Exercise details:
Every line below from the one with "Nathan trying to" through the one with "Tusky waves a" is to be repeated exactly, with no picture among them.

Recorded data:
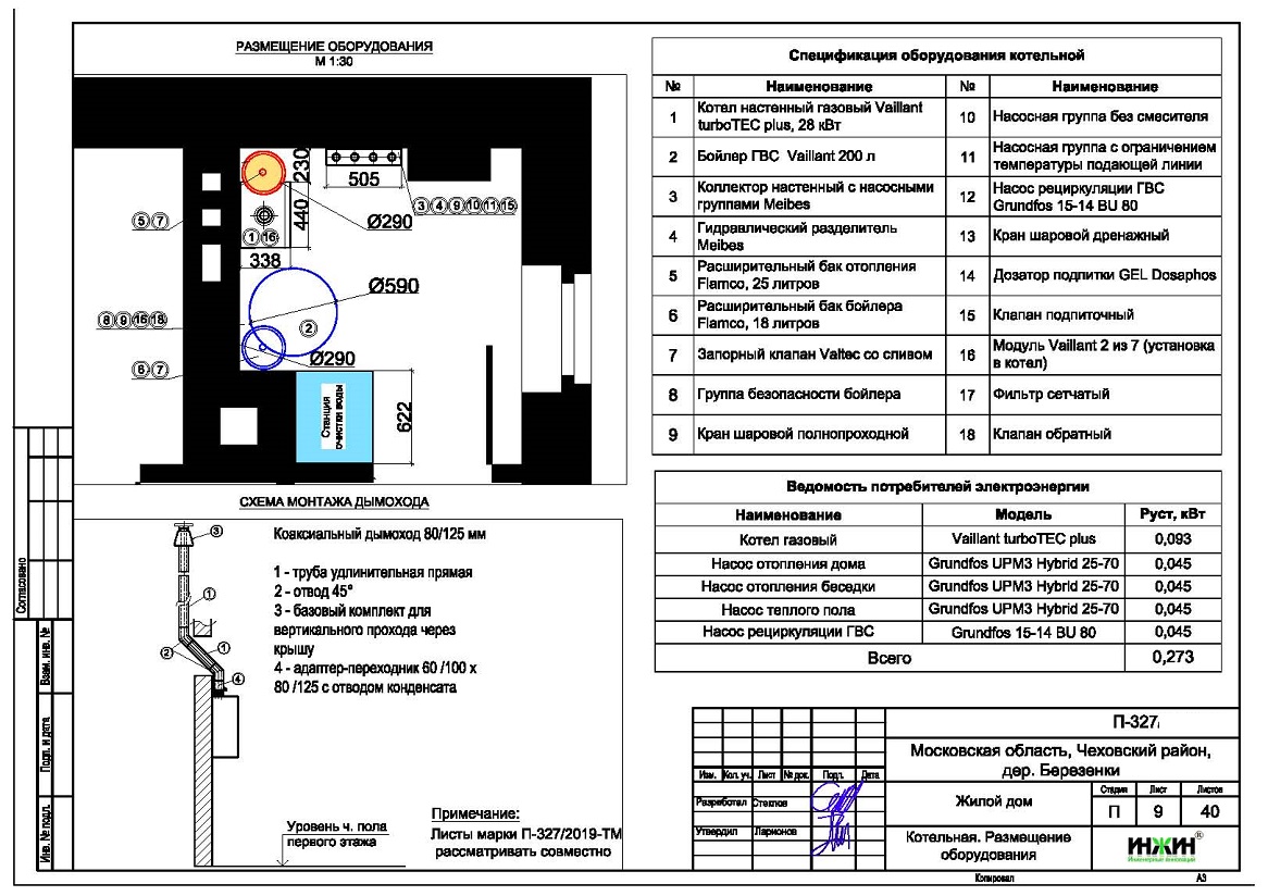 Состав проекта котельной, отопления, канализации и водоснабжения дома в дер. Березенки:
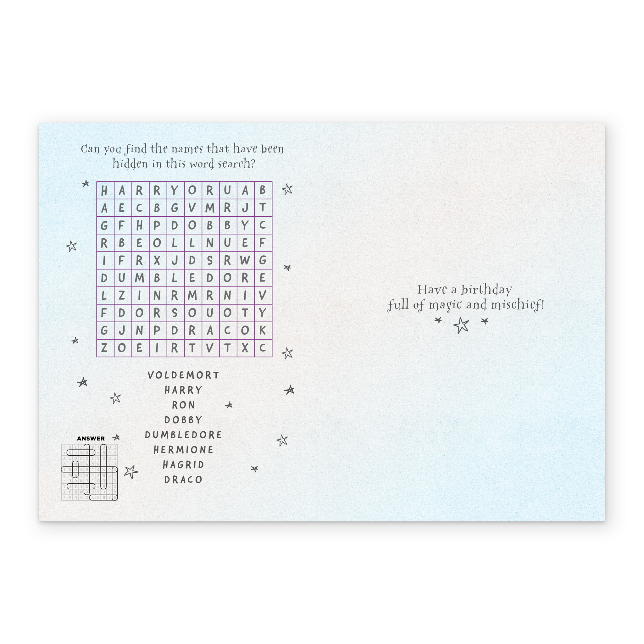 Message inside reads: Have a birthday full of magic and mischief!
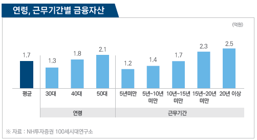 직장인들의 평균 금융자산은 1.7억원으로, 실물 자산 6.1억원 대비 현저히 낮은 모습을 볼 수 있습니다. 금융자산 역시 연령과 근무기간이 증가함에 따라 함께 증가하는 모습을 보이고 있습니다.
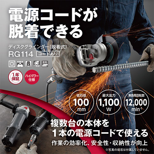 複数台の本体を1本の電源コードで使える脱着式により、作業の効率化と安全を実現します。
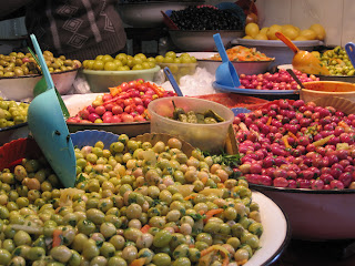 Any vegetable you might want is available, especially fava beans, artichokes and I saw a guy pushing a huge cart chock-full of garlic bulbs. By the way, the color of olives (above) reflects when they’re harvested. Green are young olives, red are harvested mid way and the black are the oldest. Things move so fast in the souk you have just a second to capture a photo and even then, if you slow down you’ll be accosted by vendors wanting to sell you something.
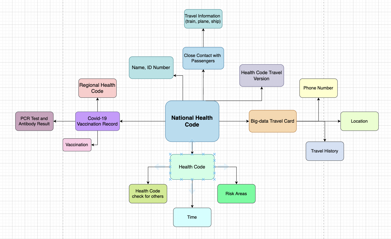 This chart demonstrates that the data collected by Health Code is very extensive. In addition to collecting data on individual users, the personal statement will also influence by the results of the data which according to the actual situation in society. The data structure of the personal Health Code contains four main components: basic personal information; personal health information; trip information; and health certificate information.
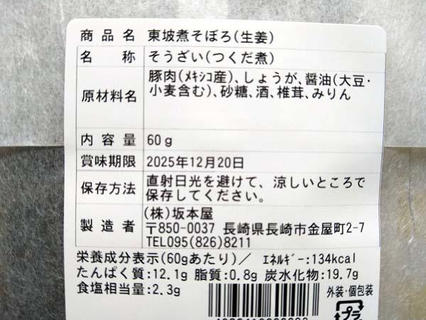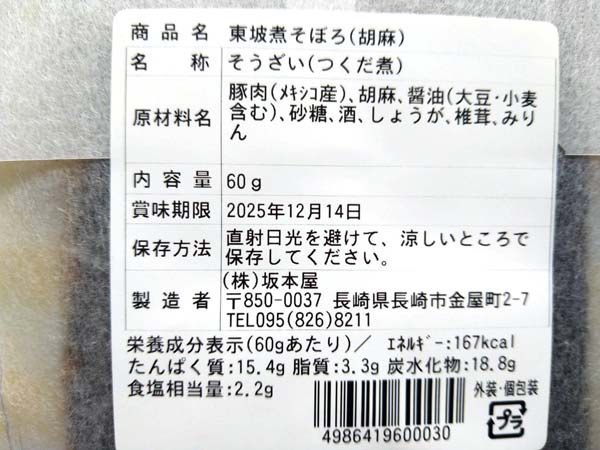 豚肉(メキシコ産)、胡麻、醤油(大豆・小麦含む)、砂糖、酒、しょうが、椎茸、みりん
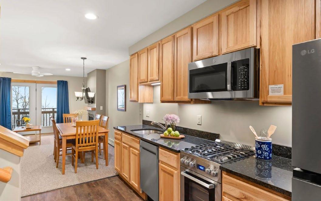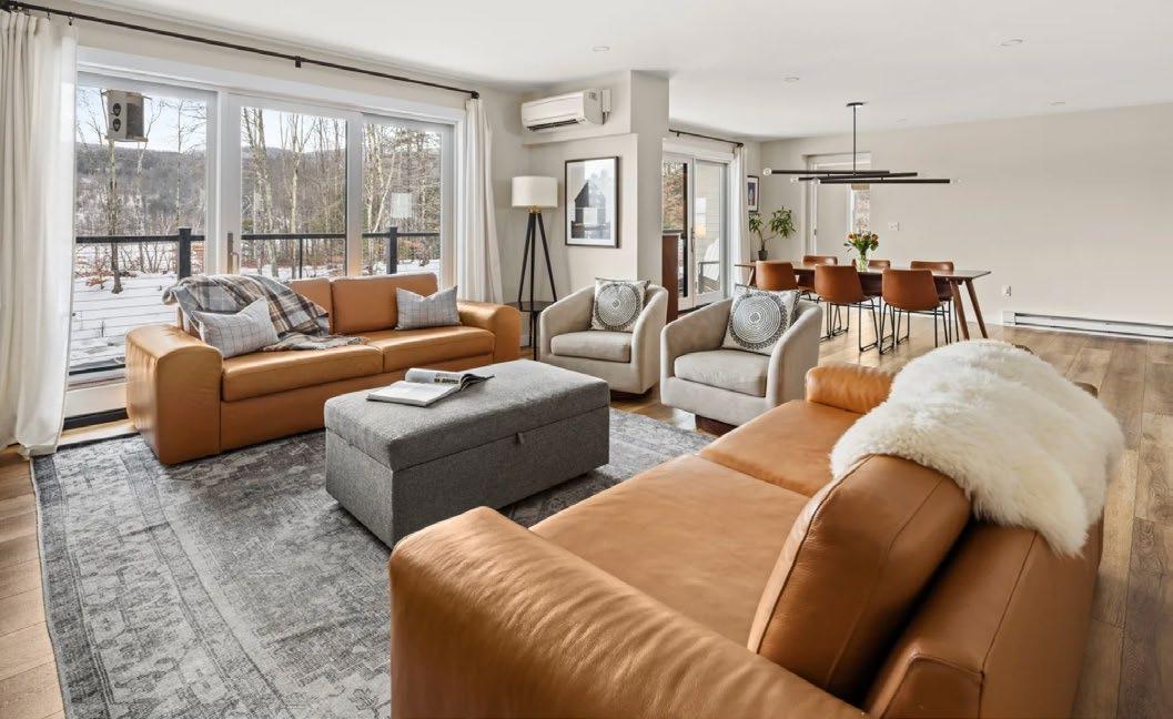 Looking for a beautifully updated, move-in-ready property just minutes from the ski resort and local amenities? This is the one! Fully renovated in 2023, this spacious 1,984 sq ft condo offers single-level living with all-new interiors from walls and windows to flooring, appliances, and mechanicals. The bright, open layout features large windows that flood the home with natural light. The kitchen is a chef's dream, complete with ample prep space, a long island, and a deep farmhouse sink, perfect for entertaining or casual meals. With only five homeowners in the development, privacy and tranquility are built in. There is even potential to add a private storage shed.
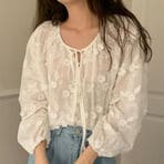 清楚可憐な立体感花柄刺繍ブラウス。
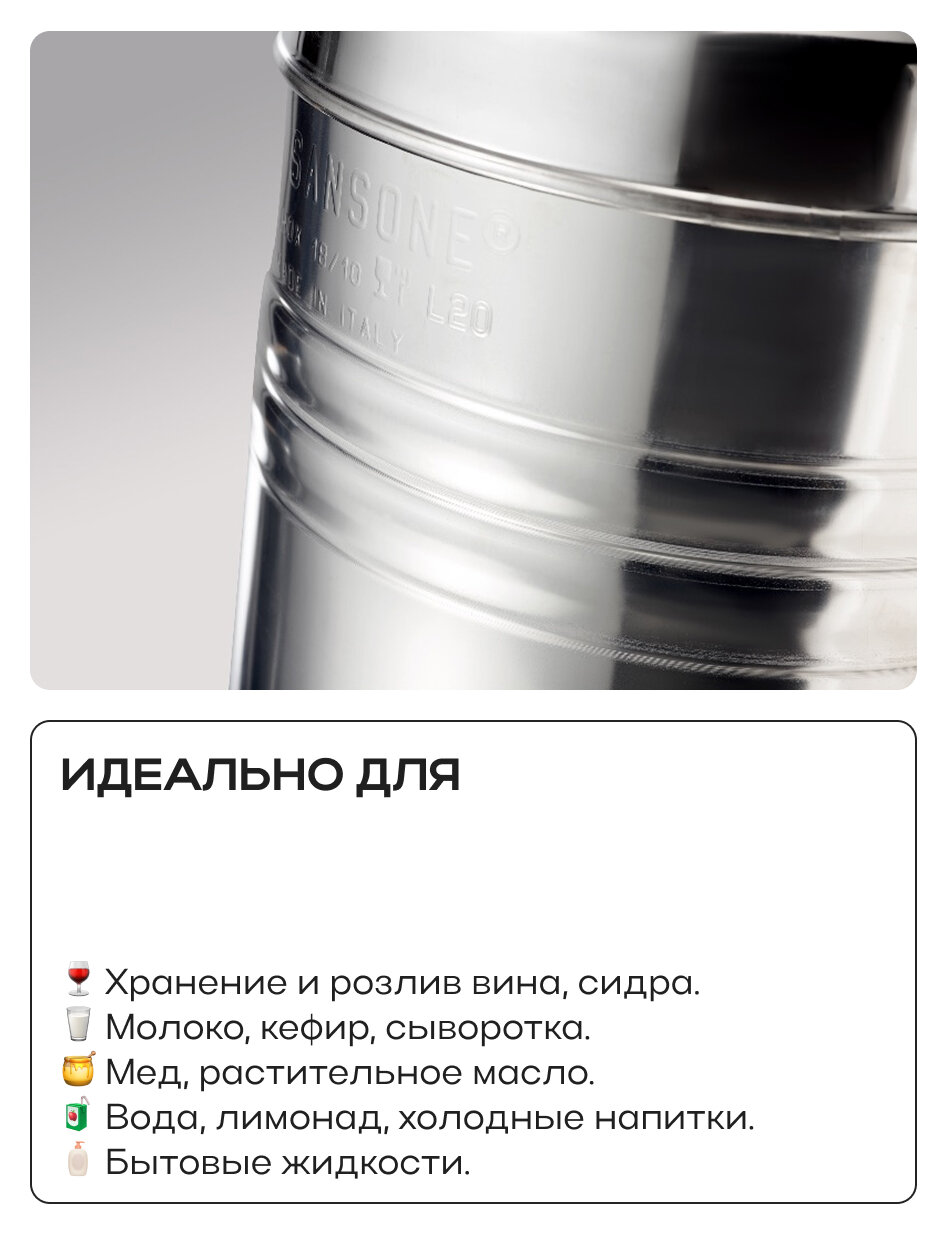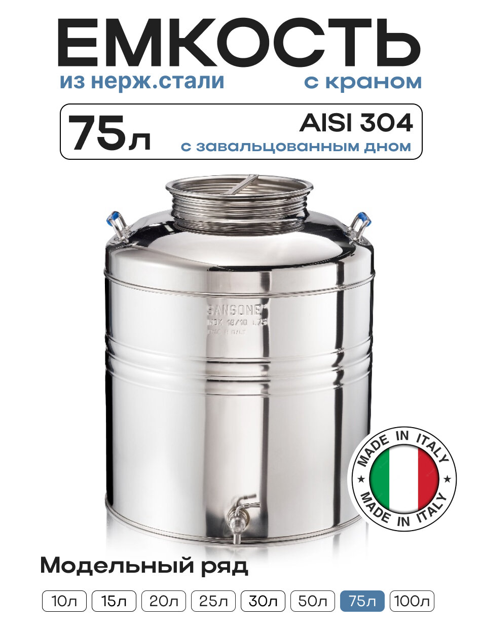Бидон (фляга) из нержавеющей стали 75 л с краном от Sansone c завальцованным дном: сравнение цен, характеристики, фото, актуальное наличие и цены.
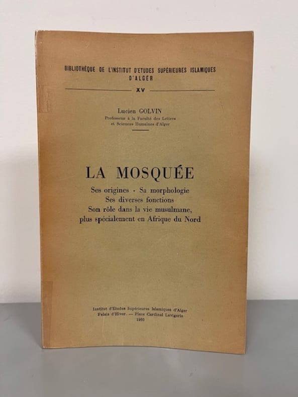 Institut d'Etudes Supérieures Islamiques d'Alger, 1960. In-8 br., 150pp., 18 fig. in-t. et 24 pl. photogr. en noir h.-t., index des termes arabes, index des noms. (Bibliothèque de l'Institut d'Etudes Supérieures Islamiques d'Alger, XV). Envoi autographe de l'auteur à l'érudit A. Berthier. Ex-libris ms. Première édition de cet ouvrage devenu fort rare.
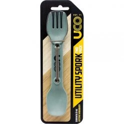 Functionality. The utensils you eat with should just work. Often referred to as “three-in-one”, the Utility Spork is anything but a compromise. Micro serrations smoothly cut through protein rich foods and stab the perfect bite. Those holes aren’t just for weight reduction. Each Spork Set includes a Reusable Tether which can be clipped to a bag, used to hang dry, or stack and cinch multiple utensils together for transport.
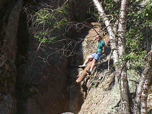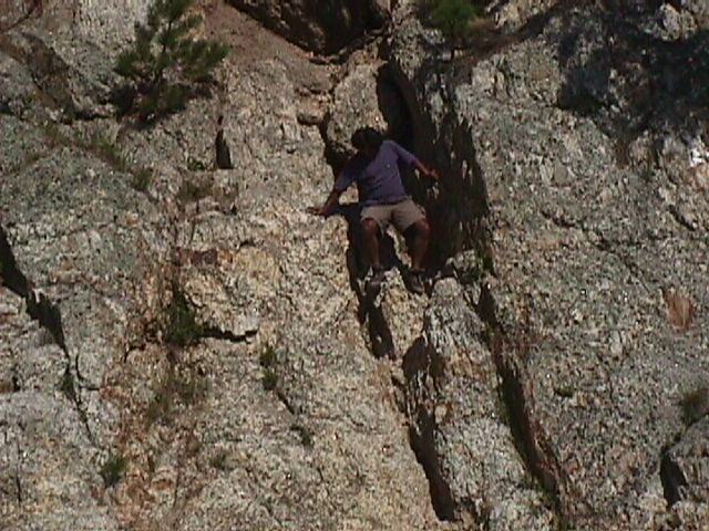Nathan trying to find a way down which does not involve any broken bones.
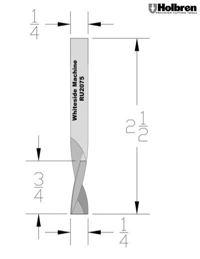 Whiteside RU2075 Standard Upcut Spiral Router Bit Solid Carbide 1/4" Cutting Diameter 3/4" Cut Length 1/4" Shank 2 Flute
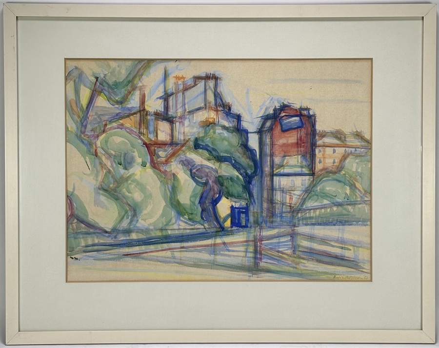 Aquarel, Antoinette Gispen - stadsgezicht, 1952
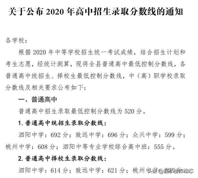 今年泗阳普通高中招生录取最低控制分数线为520分,低于这个分数将无法就读泗阳任何普通高中,花钱也不行!
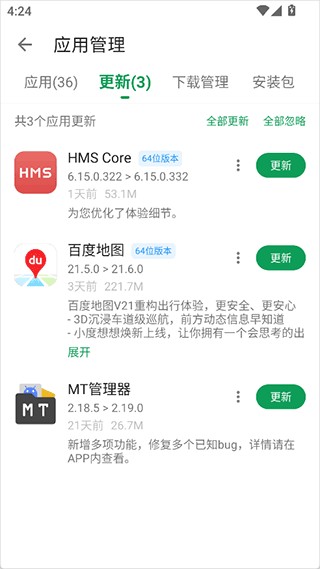 5、同时app中和普通的应用市场一样也有自动检测用户手机已安装的应用,如有更新会提示用户更新,还有应用的卸载管理操作
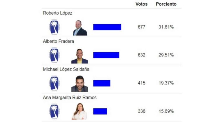 Según los resultados preliminares, divulgados a las 4:53 de la tarde con el 100% de los colegios contabilizados, unos 2,147 electores participaron en el proceso. López superó al exadministrador de la Administración de Desarrollo Socioeconómico de la Familia (ADSEF), Alberto Fradera, quien quedó en segunda posición.
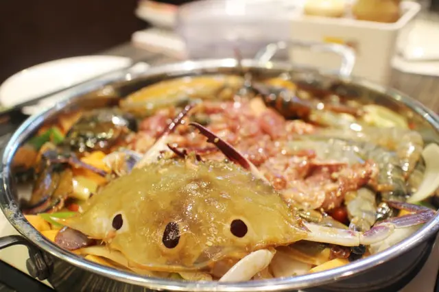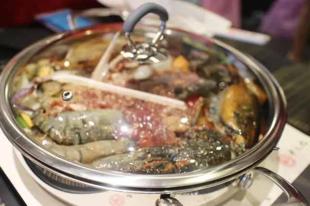 是鍋非鍋,是吃完黃記煌的心得。對於台灣火鍋遍地開花,若沒有獨具特色可能就要靠週邊服務來吸引人潮了!有別於坊間火鍋有鍋底、涮煮食材,而是燜鍋內完全不加水和湯,先放了用不同藥材和香料煉的底油,看起來像奶油外貌,舖了大蒜、紅薯、洋蔥、胡蘿蔔、西芹、紅椒、青椒、番茄、紅棗和枸杞等10種蔬食,最後依照你所點的主餐不同,在上層放了牛羊雞豬肉或龍蝦、明蝦、石斑魚和貝類海鮮的主餐,先加蓋燜至半熟後,最後一步驟在上層淋了特製的濃縮黏稠醬汁,靜置五分鐘左右就可以開吃!然後以上步驟你子需要用眼睛看,全程會由服務生代勞,非常輕鬆!
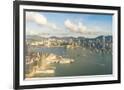 Aerial view of Hong Kong skyline and Victoria Harbor with blue sky in Hong Kong. Asia
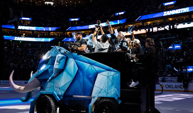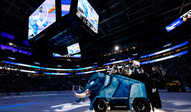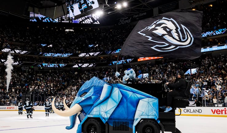 Tusky waves a Mammoth flag atop the Zammoth, a Mammoth-themed Zamboni for fans, after the Mammoth defeated the Edmonton Oilers 6-5 in overtime of an NHL game held at the Delta Center in Salt Lake City on Tuesday, April 7, 2026. | Isaac Hale, Deseret News
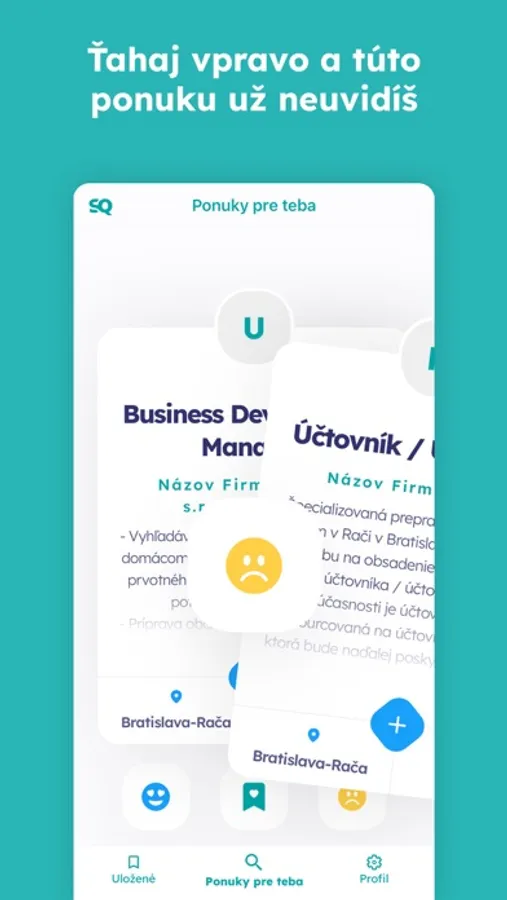 Ak sa Ti ponúkaná práca páčiť nebude, posunieš doprava alebo stalčíš žltého smajlíka.
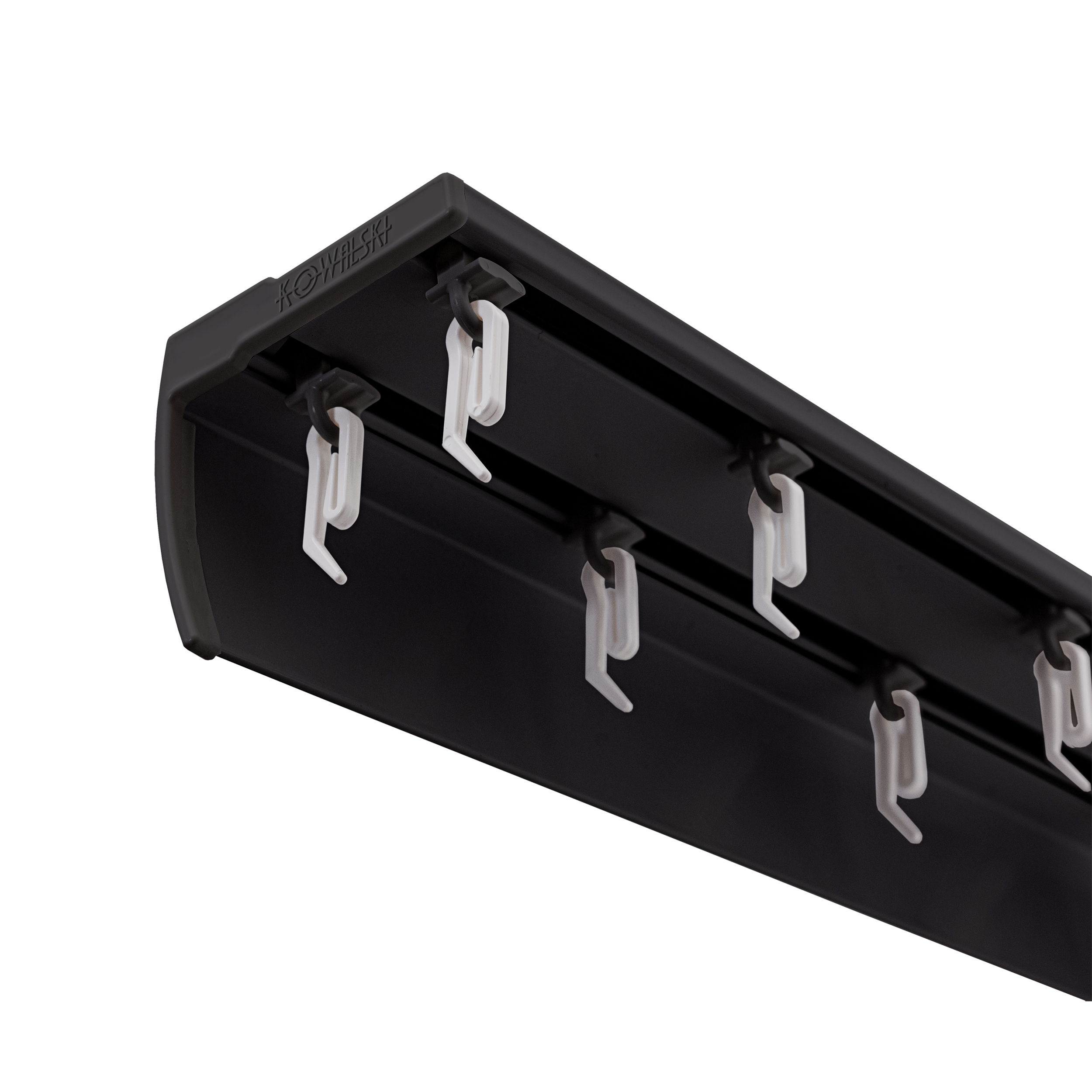 przy długościach od 250 cm – 500 cm dwie szyny z osłoną łączone łącznikiem (połączenie wykonywane jest wewnątrz profilu nie przeszkadza w przesuwaniu ślizgów)

Exercise response:
Nathan trying to find a way down which does not involve any broken bones.
 Whiteside RU2075 Standard Upcut Spiral Router Bit Solid Carbide 1/4" Cutting Diameter 3/4" Cut Length 1/4" Shank 2 Flute
 Aquarel, Antoinette Gispen - stadsgezicht, 1952
 今年泗阳普通高中招生录取最低控制分数线为520分,低于这个分数将无法就读泗阳任何普通高中,花钱也不行!
 5、同时app中和普通的应用市场一样也有自动检测用户手机已安装的应用,如有更新会提示用户更新,还有应用的卸载管理操作
 Según los resultados preliminares, divulgados a las 4:53 de la tarde con el 100% de los colegios contabilizados, unos 2,147 electores participaron en el proceso. López superó al exadministrador de la Administración de Desarrollo Socioeconómico de la Familia (ADSEF), Alberto Fradera, quien quedó en segunda posición.
 是鍋非鍋,是吃完黃記煌的心得。對於台灣火鍋遍地開花,若沒有獨具特色可能就要靠週邊服務來吸引人潮了!有別於坊間火鍋有鍋底、涮煮食材,而是燜鍋內完全不加水和湯,先放了用不同藥材和香料煉的底油,看起來像奶油外貌,舖了大蒜、紅薯、洋蔥、胡蘿蔔、西芹、紅椒、青椒、番茄、紅棗和枸杞等10種蔬食,最後依照你所點的主餐不同,在上層放了牛羊雞豬肉或龍蝦、明蝦、石斑魚和貝類海鮮的主餐,先加蓋燜至半熟後,最後一步驟在上層淋了特製的濃縮黏稠醬汁,靜置五分鐘左右就可以開吃!然後以上步驟你子需要用眼睛看,全程會由服務生代勞,非常輕鬆!
 Aerial view of Hong Kong skyline and Victoria Harbor with blue sky in Hong Kong. Asia
 Tusky waves a Mammoth flag atop the Zammoth, a Mammoth-themed Zamboni for fans, after the Mammoth defeated the Edmonton Oilers 6-5 in overtime of an NHL game held at the Delta Center in Salt Lake City on Tuesday, April 7, 2026. | Isaac Hale, Deseret News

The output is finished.